Background

The Chinese population has a higher incidence rate of intrahepatic cholangiocarcinoma (iCCA) in comparison to the Western population [1]. However, the incidence rate in the Western population is now rapidly increasing. Patients with iCCA regularly have poor prognosis. In a cohort study [2], half of the patients who underwent curative resection had a 5-year survival rate at 19% and a median survival of 27.6 months. With the advent of precision medicine, targeted therapy and immunotherapy would essentially reshape the treatment of iCCA, especially for those unresectable patients.

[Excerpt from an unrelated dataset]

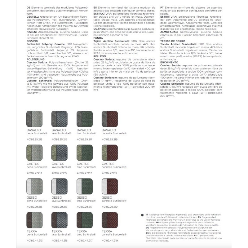 La struttura è realizzata in polipropilene fiberglass rigenerato, un materiale resistente, durevole e riciclabile, ideale per affrontare agenti atmosferici e utilizzo quotidiano. È proposta in quattro tonalità naturali e versatili: Terra, Gesso, Cactus e Basalto, pensate per integrarsi armoniosamente in qualsiasi contesto esterno.

To start targeted therapy or immunotherapy, genotyping is the first step. Zou et al. [3] reported a landscape of intrahepatic cholangiocarcinoma in the Chinese population by whole-exome sequencing. They revealed eight driver genes in 103 iCCA patients. Those genes were TP53, KRAS, IDH1, PTEN, ARID1A, EPPK1, ECE2, and FYN. Another study in the Western population conducted by Lowery et al. [4] compared intrahepatic and extrahepatic cholangiocarcinomas with a panel of 410 genes. By sorting the frequency of mutations in patients, they got eight commonly mutated genes in intrahepatic and extrahepatic cholangiocarcinoma including IDH1, TP53, ARID1A, BAP1, KRAS, PBRM1, SMAD4 and ATM. Besides, there was also a 30-patients study comparing different types of biliary tract cancer with a 22-gene panel by Hogdall et al. [5]. They identified three significantly mutated genes including ARID1A, TP53, and KRAS in CCA (cholangiocarcinoma). All the above studies concentrated on the mutations in one population, neglecting the difference between populations. In considering the significant incidence difference between the Chinese and Western populations, it would be interesting to know the clinical significance of their shared and distinct genomic alterations.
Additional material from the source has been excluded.